> [How to complete this task]
With the pictures left out, write out the records verbatim.

> [Data for review]
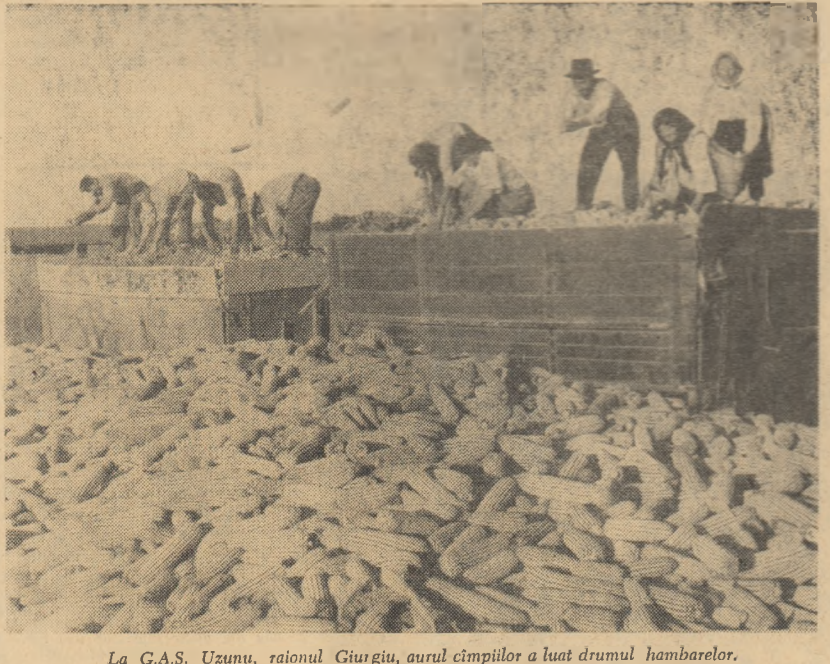
La G.A.S. Uzunu, raionul Giurgiu, aurul cîmpilor a luat drumul hambarelor.
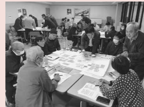
▲新しいアイデアを一緒に考える

町の観光は、AI謎解きゲームや種類豊富なサウナ事業など、これまでない展開をみせ始めています。この広がりの中から、今回はテーマを「持続可能な西川らしいイベント・アクティビティ・観光誘客拠点づくり」と「町政70周年記念事業」の二つにしぼり、11月16日に対話会を開催。対話会には、35名の皆さんが参加し、数多くの意見を出していただきました。 今回の対話会で出されたご意見は、今後の観光戦略に活かしていきます。
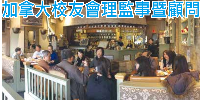
■加拿大校友會召開理監事暨顧問會議

動，理監事們除了安排返台參加之外也將積極推動校友們共襄盛舉，會議圓滿成功，下次會議訂於2018年1月21日舉行。

> [Exercise answer]
La G.A.S. Uzunu, raionul Giurgiu, aurul cîmpilor a luat drumul hambarelor.
▲新しいアイデアを一緒に考える

町の観光は、AI謎解きゲームや種類豊富なサウナ事業など、これまでない展開をみせ始めています。この広がりの中から、今回はテーマを「持続可能な西川らしいイベント・アクティビティ・観光誘客拠点づくり」と「町政70周年記念事業」の二つにしぼり、11月16日に対話会を開催。対話会には、35名の皆さんが参加し、数多くの意見を出していただきました。 今回の対話会で出されたご意見は、今後の観光戦略に活かしていきます。
■加拿大校友會召開理監事暨顧問會議

動，理監事們除了安排返台參加之外也將積極推動校友們共襄盛舉，會議圓滿成功，下次會議訂於2018年1月21日舉行。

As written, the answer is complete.